The route travels through Newhaven - Dieppe - Paris before I eventually reach the Via Francigene in Eastern France. From then on it is pretty simple apart from having to cross the Alps without an elephant!

Thursday 6 August 2015

Day 25 Bracciano to Rome

A short, fast ride of 29 miles and I reached Rome in triumph with the blast of trumpets and the roars of the crowd in my ears. Sadly I may have imagined all that - it was probably the sound of car horns and the revving of motorbikes.

One moment I couldn't see Rome and the next I was in the noise and bustle of the traffic near Nero's Tomb.  Dual carriageways and heavy traffic are all part of the scenery to me now so it was only when a motorcycle came close enough to touch my elbow that I worried.

Italians complaining about someone else's bad driving! 😁
See, I'm a good boy sitting at a red light 😆
 Following the River Tiber on a dual carriageway. 
That's NOT St Peter's
Now THAT'S St Peter's Basilica - Rome at last after 25 days and 1284 miles.

This is my final blog entry and I really hope you have enjoyed the show. If anyone wants to take over the mantle of the Picos Riders then please get in touch. I'll recommend a good psychiatrist and something to rub on your bottom during the lonely saddle sore evenings.

Day 24 San Lorenzo Nuovo to Bracciano

Helped by a great salad and a bottle of beer plus the kind help of two very decent Norwegian hosts, I almost recovered from yesterday's excitement overnight.

I had a very hearty breakfast before spending 40 minutes on the phone to someone in a call Centre sorting out a hotel booking in Rome. I need to make sure that there's safe storage for my bike!

Today proves to be even hotter and my hosts warn me to carry plenty of water as there is quite a climb to the first stage of my journey - the papal fortress at Montefiascone.

Not huge nor steep but up and up 300m. The road surface is really appalling and the cars are uncomfortably close as I weave around the worst pot holes.

This church marks the 100km from Rome.

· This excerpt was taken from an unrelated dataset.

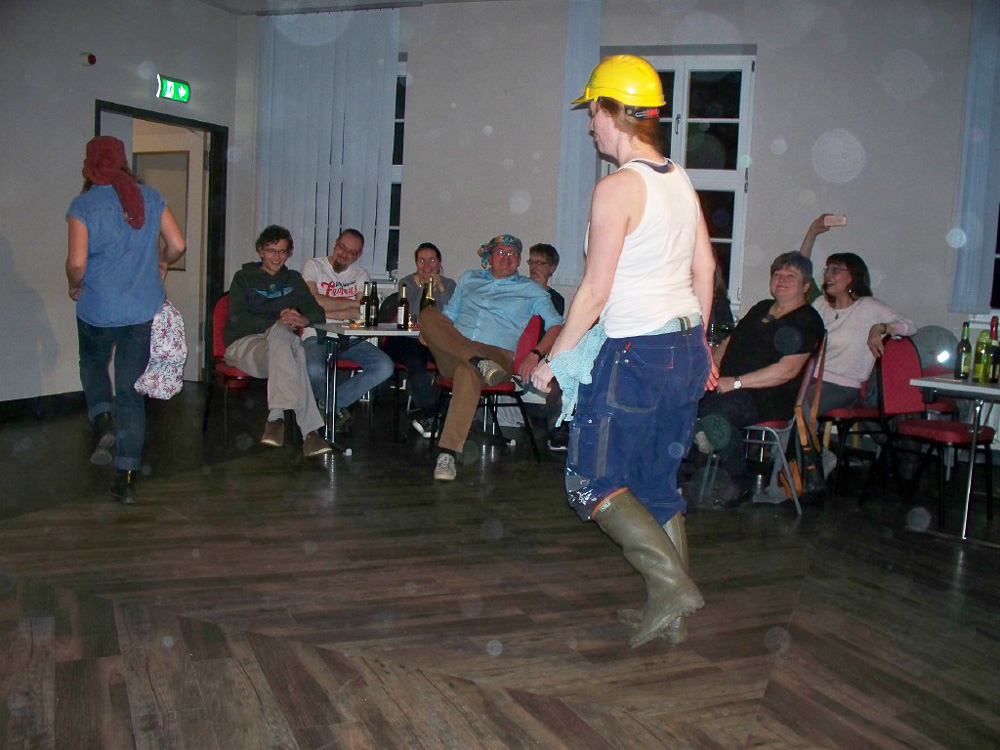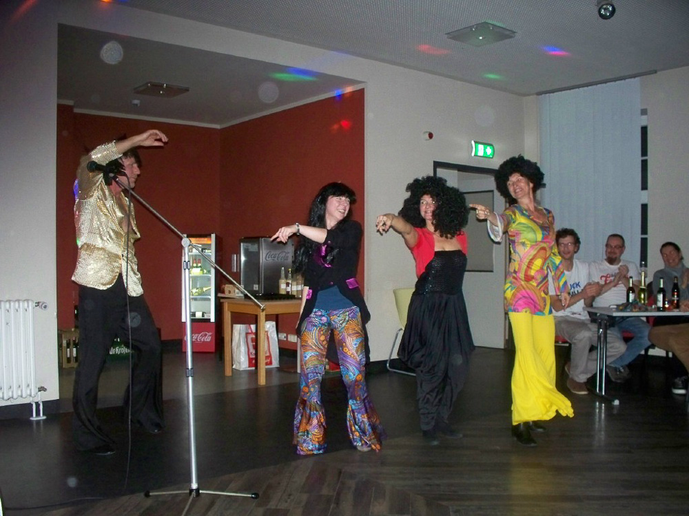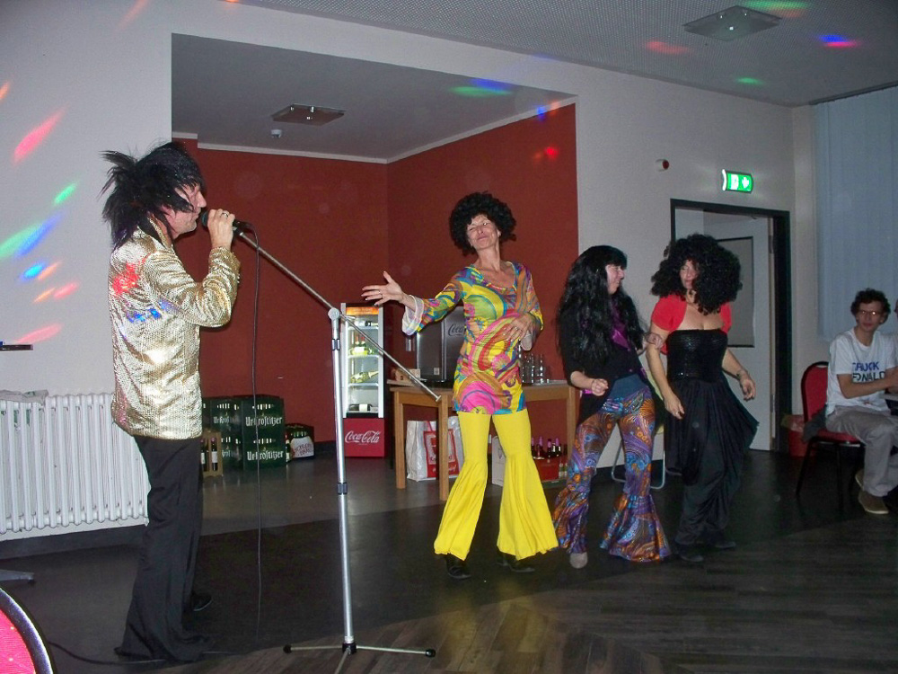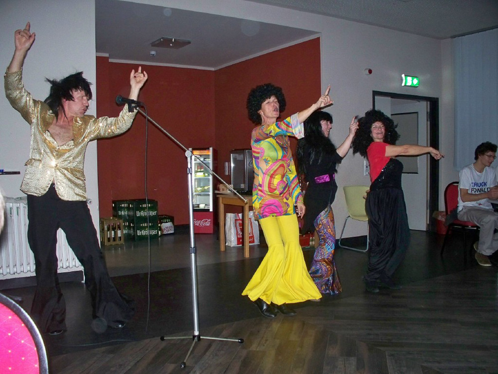 Eins der Mädels-Zimmer tanzte den „Gun Boots“ der afrikanischen Minenarbeiter und – damit das authentisch wirkt – sahen sie auch so aus. Hahaha, es war einfach herrlich und wir haben nicht an Applaus gespart. Bonny M war auch dabei mit originalen Kostümen und Micha als Daddy Cool war echt voll der Brüller. Bettina mit dem Paraplü und Hannes mit dem Aufsatz eines Schülers über (P)Fortpflanzung – alle waren Klasse.

There is a fancy placque but my phone decides not to store that picture.

When the road reaches the top of the pass I realise that the papal fortress and basilica are even higher up but on a different road.

The view from the Peregrino's Tower at the very peak is spectacular. I can back to where I began today and I can also see the SS2 shimmering on its way towards Rome. The shimmer is not gold it's a heat haze. The sight plus the altitude and something else make me feel a bit nauseous. The something else is a tummy bug which has plagued me for a couple of weeks now.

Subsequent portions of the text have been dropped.